After Cya gets ready for a date and Almost Out the Door for a Date and Trying Again and Blind Date.

“You look good.”

It was no surprise he was handsome, of course; for one, he was from Addergoole, where handsome was the norm, and for another, she’d picked him to be her Kept, which almost always meant that they fit within her two very specific types.

It wasn’t what she meant, in this case.

He smirked back at her and pretended to misunderstand. “Good genes.” He brushed away her response before she could say it. “I’ve been doing well. Doing good, too.” He ducked his head and grinned up at her through a sudden fringe of brown-black hair, a trick he’d excelled at thirty years ago and seemed to have been practicing. “Turns out your lessons stick.”

She sipped her water and studied him. “I’m not looking for someone to teach lessons to, right now.”

“If you were,” he teased, his smiled wide, “You’d be at Addergoole and not on a blind date, right?”

“Exactly. You know, there was a time when they tried to threaten me to stop Keeping people.”

“I can imagine. It was probably a little worrying for them, having someone they distrust scooping people up every year.” HIs smile turned a little crooked. “Not that your Kept don’t benefit.”

“Well, that’s the idea…. half the idea,” she admitted. “I like having Kept around, too.”

“I’d noticed.” It was his turn to sip his drink. “You know I liked being around, too? I mean, most of the time.”

“I guessed. I’m not good with – with emotions.” It grated to admit that, but if she’d learned anything with all the work she’d been doing with Leo, it was that. “But you didn’t seem miserable, at least.”

“I knew I wasn’t ready for the world, I just, well, didn’t think what I was ready for was a collar.” He shrugged a little. “It was a good year.

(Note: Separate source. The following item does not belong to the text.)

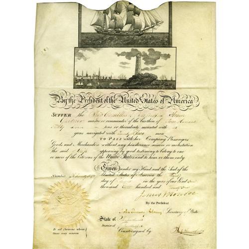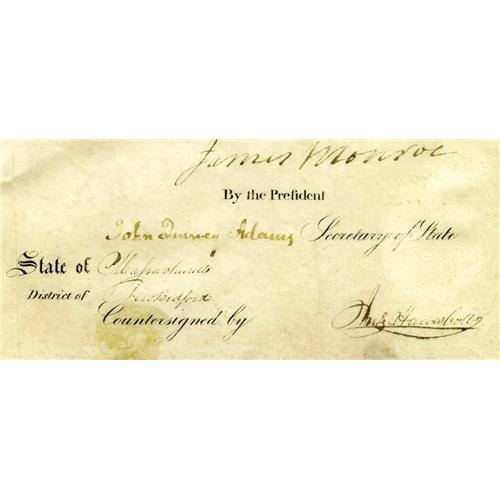 <B>New Bedford Ship's Papers With Monroe and Adams Signatures.</B></I> Document Signed on partially printed vellum. Signed "<I>James Monroe</B></I>" as president and "<I>John Quincy Adams</B></I>" as secretary of state, one page, 11.25" x 15", Washington, D.C., August 3, 1821. Papers for the ship <I>Camillus</B></I> of New Bedford, Massachusetts, attesting to her legitimacy as a merchantman of the United States. Abram Gardner is named the ship's master and the vessel is described as having "...no guns navigated with Twenty Two men...". Two maritime vignettes, one a harbor scene and the other a frigate under sail, illustrate the document. The upper engraving bleeds off the document's scalloped top edge. An embossed presidential seal is affixed to the lower left corner. An excellent opportunity to acquire two presidential signatures at once. One tiny perforation in left margin, smoothed folds with light soiling, else fine condition.

And, like I said, you rubbed off on me.”

“Doing good, you said.” She eyed him thoughtfully over her cup. “What sort of good?”

“Oh, you know, building walls, mending fences, working as a diplomat-slash-small-town sheriff and judge. Pretty much I tell people that the black cow is Farmer Gonzales’ and the white cow is Farmer Jones’, and they both agree to let me make that decision, and the I do the same thing between Neihart Mt. and the next two city-states that aren’t, well, here. I do a lot of talking.”

“I don’t remember you being all that talkative.”

“I’m not, normally.” He smirked crookedly at her. “But it turns out I’m good at it, and they needed someone who wasn’t from around there. Since I’m from the East Coast…”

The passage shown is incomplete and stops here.